After high school, Haq enrolled in dentistry school at the Rensselaer Polytechnic Institute in Troy, N.Y., something his father encouraged. But after about four years of study, Haq decided to quit school and return home. That created some tension between father and son, Ullah said.
After that, Haq went to Washington State University, where he earned a degree in electrical engineering.
In March, Haq was arrested on a lewd conduct charge at a Tri-Cities mall. It was Ullah he called from jail because he was too embarrassed to call his own family. Ullah said he felt it wasn't right to keep secrets from Haq's parents, so he informed them.
He said Haq's family was devastated by the news. "There is no other word to describe it," he said.
Up until a few years ago, Haq's family lived in a brick-and-clay-tiled home in a south Richland neighborhood. They moved a few years ago after building a larger home on a bluff overlooking the Columbia River outside of Pasco, but their former home remains up for sale.
Some neighbors said they occasionally saw Haq staying at the family's old home by himself. Christine Wikstrand, who lives across the street, said she saw Haq there Wednesday or Thursday night, the latter less than 24 hours before the shootings. He loaded a bicycle and lawn mower into his pickup and drove off, she said.
"I didn't think anything of it because he has been there before," she said.
Other neighbors such as Jim Jarrett recalled Haq's parents as nice, yet private people. They talked on occasion and exchanged fruit from their yards. Mian Haq would give Jarrett and his wife, Marlene, prunes and plums from the tree in their yard. They would offer peaches and tomatoes, Jarrett said.
Haq apparently moved back and forth between the Tri-Cities and Seattle while he was looking for employment.
At one point, he told Neilsen, the friend with whom he lived for a few months in 2004, that he was working as a security guard at a Seattle-area department store. Neilsen said he'd lost touch with Haq until about six weeks ago, when he got an e-mail from Haq saying his friend had started work at a Home Depot in Everett.
Neilsen, a Richland engineer, said Haq seemed to lack the ability to focus.
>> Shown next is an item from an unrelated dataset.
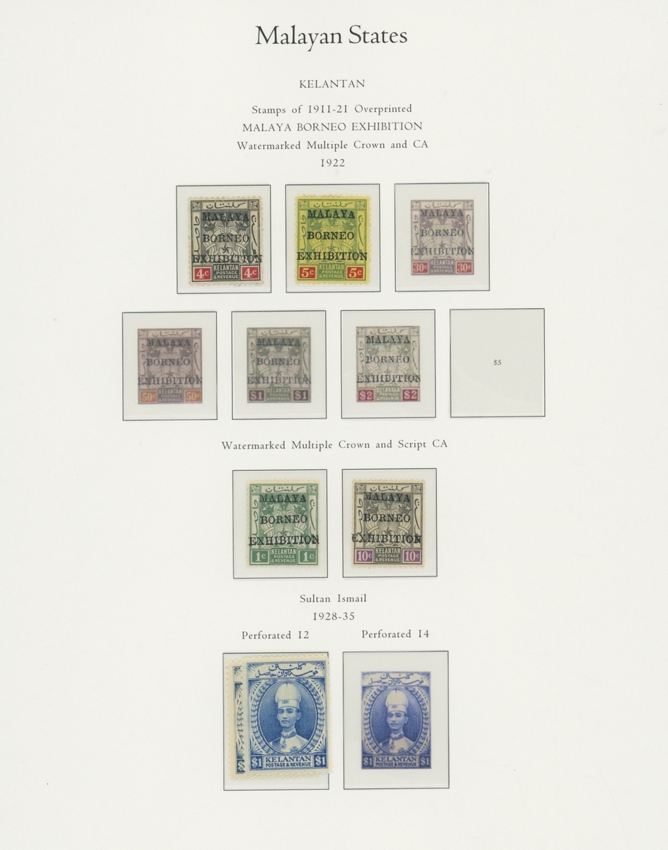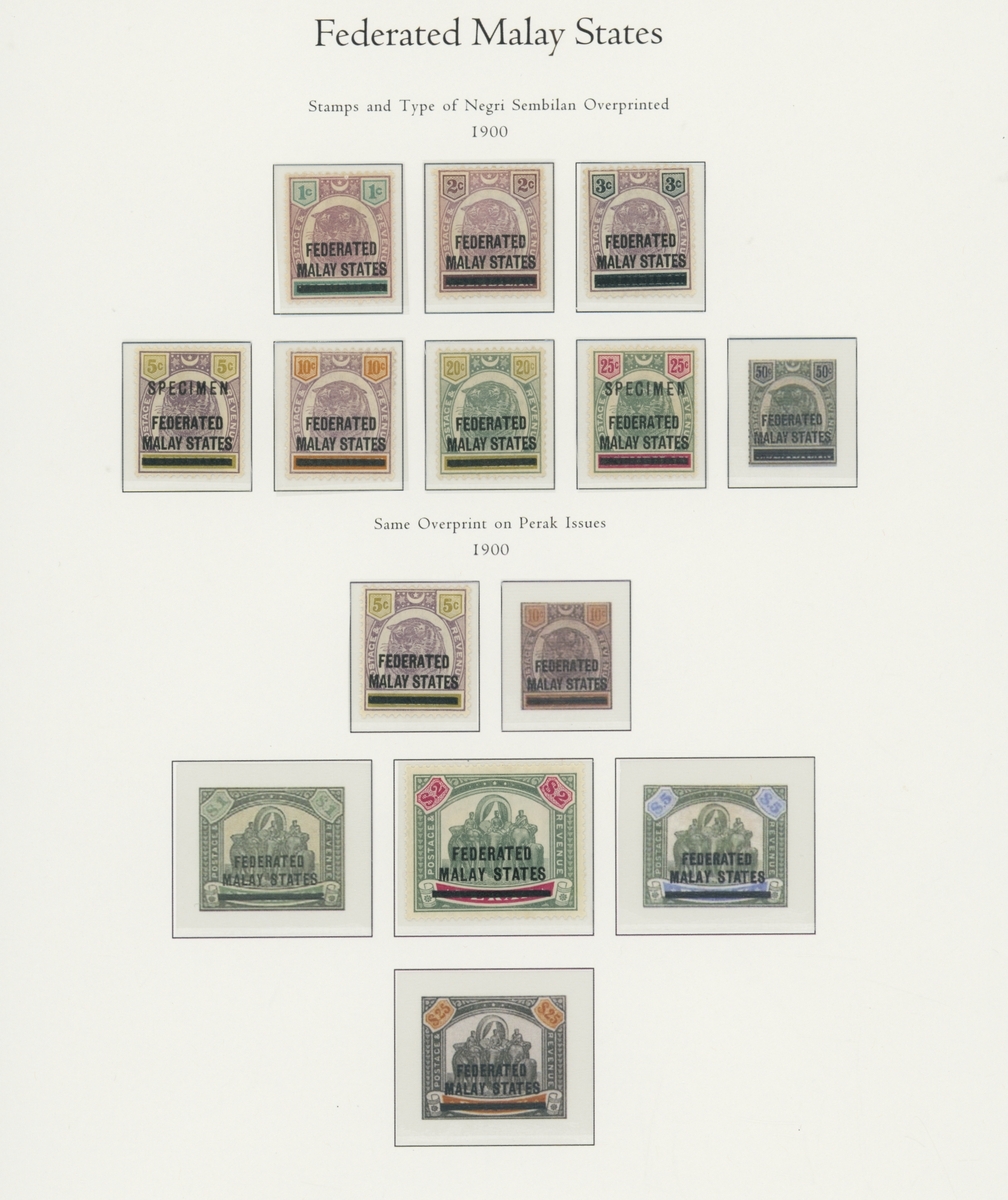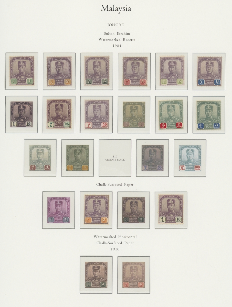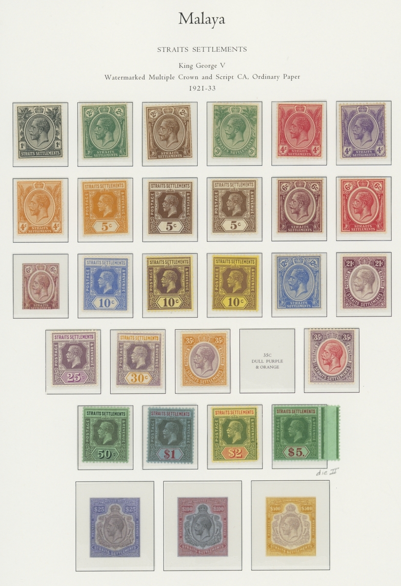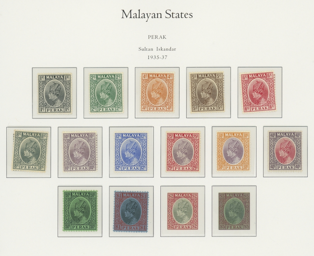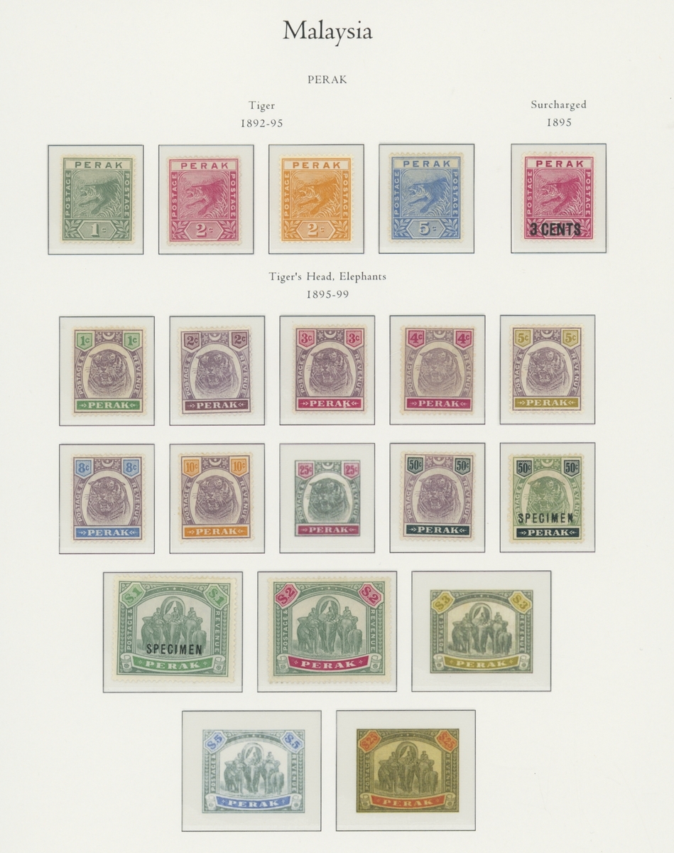 1912-1935 mostly mint collection on album leaves, comprising Straits Settlements, Malayan States and Federated Malay States, including 1912-23 £5 mint and specimen, 1921-33 set to $5, 1936-37 set; Johor 1891-94 set, 1894 surcharges, 1896-99 set, 1922-40 values to $5, 1912-21 set to $2, 1921-32 set less 10c, 1922 Malaya-Borneo Exhibition range; Kelantan 1911-15 set to $5, 1921-28 set; Negri Sembilan 1935-41 set; Pahang 1897 Kuala Lipis 3c. provisional bisected diagonally and tied to small piece, 1935-41 set; Perak range of overprints, 1892-95 set, 1895-99 values to $2, 1935-37 set to $1, plus 1889 officials set to 8c; Selangor 1891-95 set, 1895-99 values to $1, 1935-41 set to $1, plus $2 used; Sungei Ujong 1891-94 set, 1910-19 values to $1, 1921 $5, 1922 Malaya-Borneo Exhibition set to $1, 1921-38 values to $5; 1900 Federated Malay States values to $2, 1922-34 set to $2. A good range, generally good to fine.

Neilsen said Haq decided he no longer wanted to pay rent and moved out. He talked about having no money and temporarily stayed at a Kennewick apartment. Haq told him he wanted to live in his family's house while it was on the real estate market but that his father wouldn't agree to the idea.
He said Haq told him about converting to Christianity and that he attended a few meetings with him. He said Haq talked about taking medication for his mental disorder.
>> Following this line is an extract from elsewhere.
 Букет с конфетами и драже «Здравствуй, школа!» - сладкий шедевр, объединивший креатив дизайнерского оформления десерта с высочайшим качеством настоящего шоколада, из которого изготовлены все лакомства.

He also said Haq told him that he had called off a traditional, arranged marriage in Pakistan and had mentioned plans to change his name.
Neilsen saw Haq as a loner who was confused about his life, but he never thought of Haq as a monster.
"I've had conversations with him. He'd come over and we'd have a cigar in my backyard and have a nice talk. And all of a sudden, it's like, what happened? What happened to you?"